---
title: "Cybersecurity News Update, Week 4 of 2023 | DuoCircle"
description: "Threat actors continue to target both individuals and large corporations alike."
image: "https://www.duocircle.com/images/og-default.png"
canonical: "https://www.duocircle.com/blog/announcements/cyber-security-news-update-week-4-of-2023/"
---

Quick Answer

Week 4 of 2023 covered six incidents. Ireland's Data Protection Commission fined WhatsApp 5.95 million euros for forcing users to accept updated terms in order to keep using the service, ruling the practice violated GDPR transparency requirements. Cisco warned that end-of-life Small Business RV routers were exposed to remote code execution with no patch planned, and recommended migration. Riot Games disclosed a social-engineering breach that gave attackers access to source code for League of Legends and Teamfight Tactics, delaying content releases. A new Android banking trojan named Hook, evolved from ERMAC, gave operators full remote control of infected devices. Researchers found vulnerabilities in Samsung's Galaxy App Store that allowed silent installation of arbitrary apps and JavaScript execution. Vice Society leaked data from the University of Duisburg-Essen after the school refused to pay ransom following a November attack.

Share 

[ ](https://www.linkedin.com/sharing/share-offsite/?url=undefined%2Fblog%2Fannouncements%2Fcyber-security-news-update-week-4-of-2023%2F "Share on LinkedIn") [ ](https://twitter.com/intent/tweet?text=Cybersecurity%20News%20Update%2C%20Week%204%20of%202023&url=undefined%2Fblog%2Fannouncements%2Fcyber-security-news-update-week-4-of-2023%2F "Share on X/Twitter") [ ](https://www.facebook.com/sharer/sharer.php?u=undefined%2Fblog%2Fannouncements%2Fcyber-security-news-update-week-4-of-2023%2F "Share on Facebook") [ ](https://reddit.com/submit?url=undefined%2Fblog%2Fannouncements%2Fcyber-security-news-update-week-4-of-2023%2F&title=Cybersecurity%20News%20Update%2C%20Week%204%20of%202023 "Share on Reddit") [ ](mailto:?subject=Cybersecurity%20News%20Update%2C%20Week%204%20of%202023&body=Check out this article: undefined%2Fblog%2Fannouncements%2Fcyber-security-news-update-week-4-of-2023%2F "Share via Email") 

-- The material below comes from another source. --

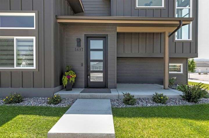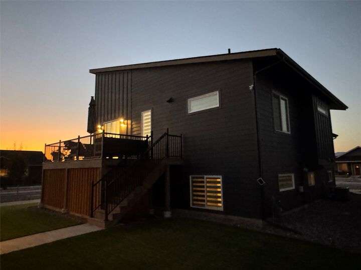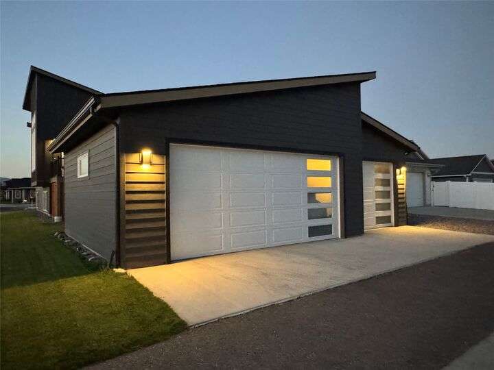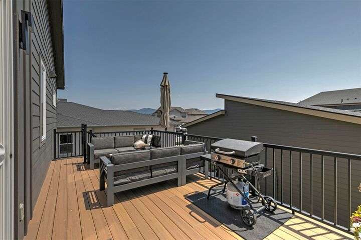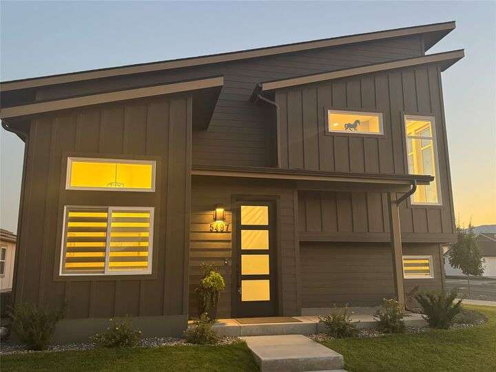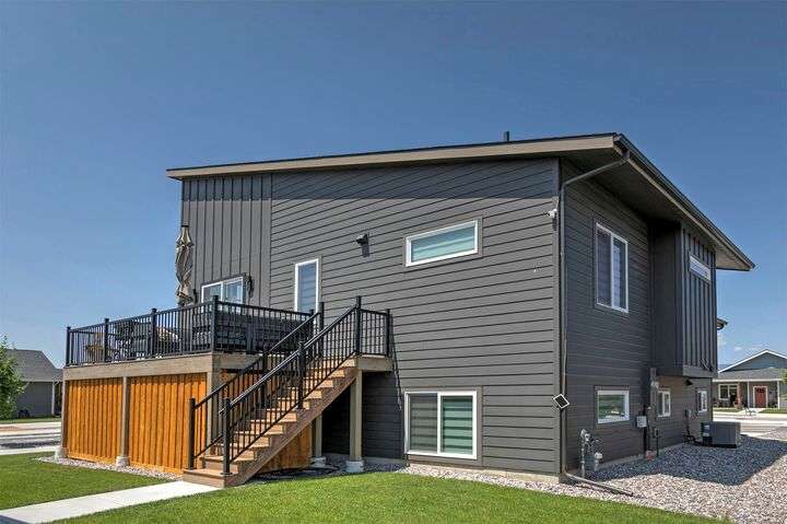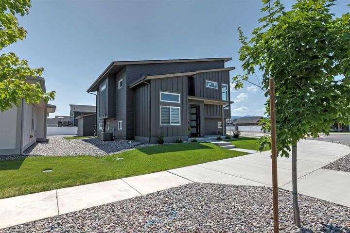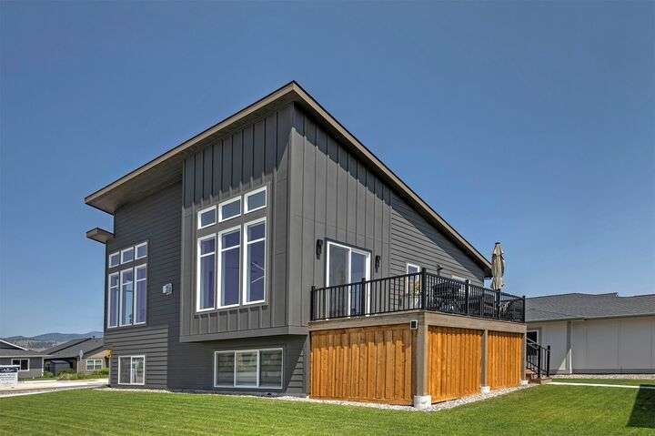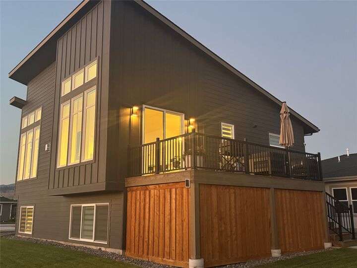 OPEN HOUSE 10/5/2025 1-3 PM. Sleek, Rustic Modern Living in 44 Ranch – Quality Built by McElmurry Homes Experience the perfect blend of form and function in this stylish modern home located in Missoula’s sought-after 44 Ranch neighborhood. Built by award-winning McElmurry Homes, this thoughtfully designed residence showcases clean lines, open spaces, and upscale finishes throughout. Smart home features include, dishwasher, washer, dryer, range, blinds, gas fireplace, door locks, garage door openers, and some lighting can be controlled by your smart phone. A bright, airy foyer welcomes you with a contemporary open baluster stairway and sleek metal railings. Just off the entry, a private home office with 11’ ceilings offers a quiet space for work or creativity. The main level impresses with 14’ sloped ceilings, floor-to-ceiling windows, and a striking tiled gas fireplace. The open-concept layout connects seamlessly to the kitchen and dining areas, where you’ll find painted shaker cabinetry, quartz countertops, modern appliances, a large butler's pantry with a beverage refrigerator, tiled backsplash, and a breakfast bar with modern lighting. The adjacent composite deck invites you to relax or entertain while enjoying scenic views. The main-level owner’s suite offers 9’ ceilings, a luxurious ensuite with quartz double vanity, a tiled walk-in shower, and a spacious walk-in closet. Downstairs, the daylight lower level features a large rec room, two generous bedrooms, a full bathroom with designer finishes, and a smartly designed laundry area. Additional highlights include landscaping with underground sprinklers, low-maintenance Hardie Plank siding, a welcoming front porch, elevated rear deck with storage underneath, and an insulated 3-stall finished garage with alley access. Situated on a corner lot just steps from 44 Ranch Park and within the desirable Hellgate Elementary and Middle School District, this home combines modern design with everyday comfort—just minutes from shopping, dining, and outdoor recreation in Missoula.

![cybersecurity update](https://media.mailhop.org/duocircle/images/2023/01/windows-smtp-service.jpg) 

Threat actors continue to target both individuals and large corporations alike. From WhatsApp’s **GDPR violation**, Cisco’s vulnerable routers, the Riot games security **breach**, the new Hook Android malware, and vulnerabilities in the Galaxy App Store, here are the top [cybersecurity](/) news of this week.

## GDPR Violation by WhatsApp leads to a $5.96 million Fine

The Irish DPC (Data Protection Commission) has [fined](https://www.dataprotection.ie/en/news-media/data-protection-commission-announces-conclusion-inquiry-whatsapp) messaging giant WhatsApp $5.96 million for **violating the GDPR** (General Data Protection Regulation).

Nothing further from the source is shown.